Il secondo punto prevede che la cessione ai Comuni avvenga con una decurtazione del 35% del valore stimato, questo perché gli Aptr hanno avuto un lungo percorso (passaggio dalle Province, agli enti locali) e spesso sono stati acquisiti attraverso fondi che provenivano dalla tassazione locale, quindi non avrebbero una valenza commerciale, ma sarebbero acquistati dai Comuni per finalità pubbliche. Grazie.

PRESIDENTE. Emendamento 13 bis/1. Lo pongo in votazione.

(L’Assemblea legislativa non approva)

Emendamento 13 bis/2 a firma della I Commissione. Lo pongo in votazione.

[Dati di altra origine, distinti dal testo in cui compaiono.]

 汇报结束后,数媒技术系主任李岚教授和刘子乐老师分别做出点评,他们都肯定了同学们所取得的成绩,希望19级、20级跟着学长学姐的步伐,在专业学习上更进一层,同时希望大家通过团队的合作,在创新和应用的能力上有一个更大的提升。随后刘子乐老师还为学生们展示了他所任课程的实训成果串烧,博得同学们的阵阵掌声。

(L’Assemblea legislativa approva)

Emendamento 13 bis/3 a firma della I Commissione. Ritirato

Articolo 14. Lo pongo in votazione.

(L’Assemblea legislativa approva)

Articolo 15 (Dichiarazione d’urgenza), è richiesta la maggioranza assoluta. Lo pongo in votazione.

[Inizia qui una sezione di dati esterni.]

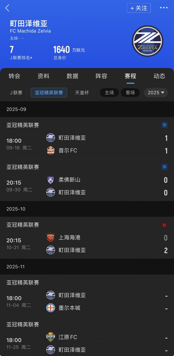 亚冠前两战町田泽维亚分别战平了首尔FC和柔佛新山,今天是他们的首场获胜 。
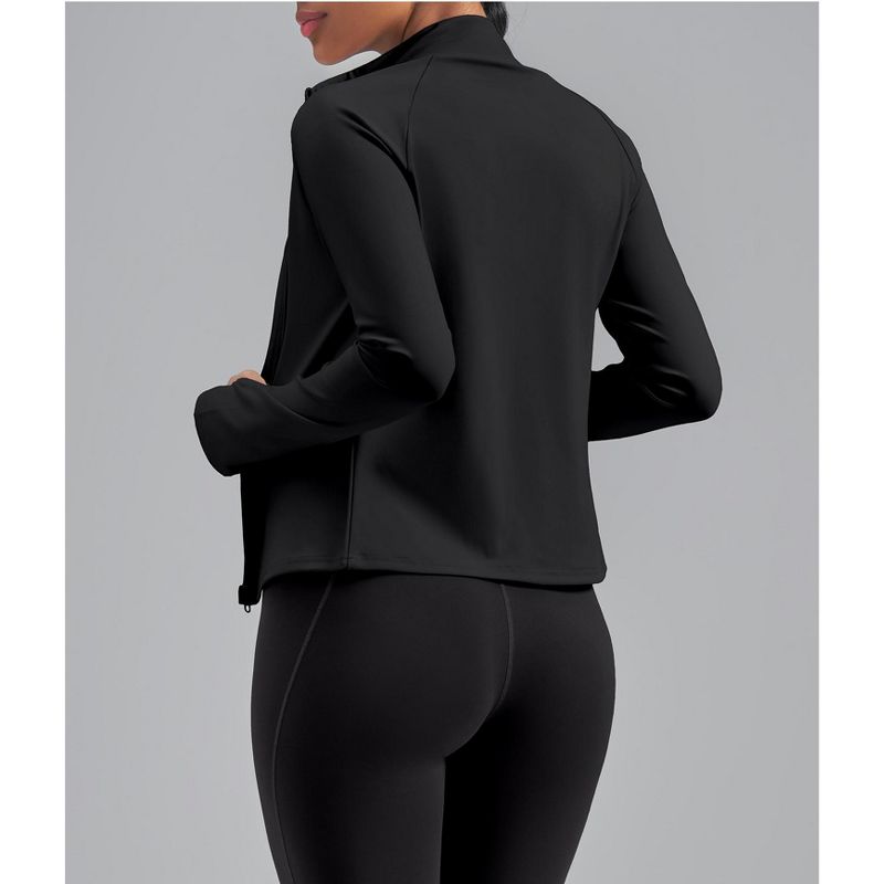 Women's Lightweight Workout Athletic Jacket Slim Fit Full Zip Cropped Running Yoga Coats with Thumb Hole,Black,X Large

(L’Assemblea legislativa approva a maggioranza assoluta dei suoi componenti)

Emendamento di coordinamento tecnico 1, a firma della I Commissione. Decaduto.

Emendamento di coordinamento tecnico 2, a firma della I Commissione. Lo pongo in votazione.

(L’Assemblea legislativa approva)

Coordinamento tecnico. Lo pongo in votazione.

(L’Assemblea legislativa approva)

PRESIDENTE. Ha la parola, per dichiarazione di voto, la Consigliera Pergolesi.

Romina PERGOLERSI. Chiedo la votazione per appello nominale anche a nome dei Consiglieri Fabbri e Giorgini.

PRESIDENTE. Proposta di legge n. 102, così come emendata, la pongo in votazione per appello nominale chiesto a nome dei Consiglieri Pergolesi, Fabbri, Giorgini.
Favorevoli: Biancani, Busilacchi, Casini, Ceriscioli, Cesetti, Giacinti, Giancarli, Marconi, Mastrovincenzo, Micucci, Minardi, Pieroni, Rapa, Sciapichetti, Talè, Traversini, Urbinati.
Contrari: Bisonni, Fabbri, Giorgini, Maggi, Pergolesi.
Astenuti: Celani, Leonardi, Malaigia, Marcozzi, Zaffiri, Zura Puntaroni.

(L’Assemblea legislativa approva)

Proposta di atto ammnistrativo n. 27
ad iniziativa della Giunta regionale
“Modifica della deliberazione dell’Assemblea legislativa 9 dicembre 2014, n. 115 ‘Piano regionale di edilizia residenziale (triennio 2014/2016). Legge regionale 16 dicembre 2005, n. 36’”
(Discussione e votazione)

PRESIDENTE. L’ordine del giorno reca la proposta di atto amministrativo n. 27 della Giunta regionale.
La discussione è aperta, ha la parola il relatore di maggioranza Biancani.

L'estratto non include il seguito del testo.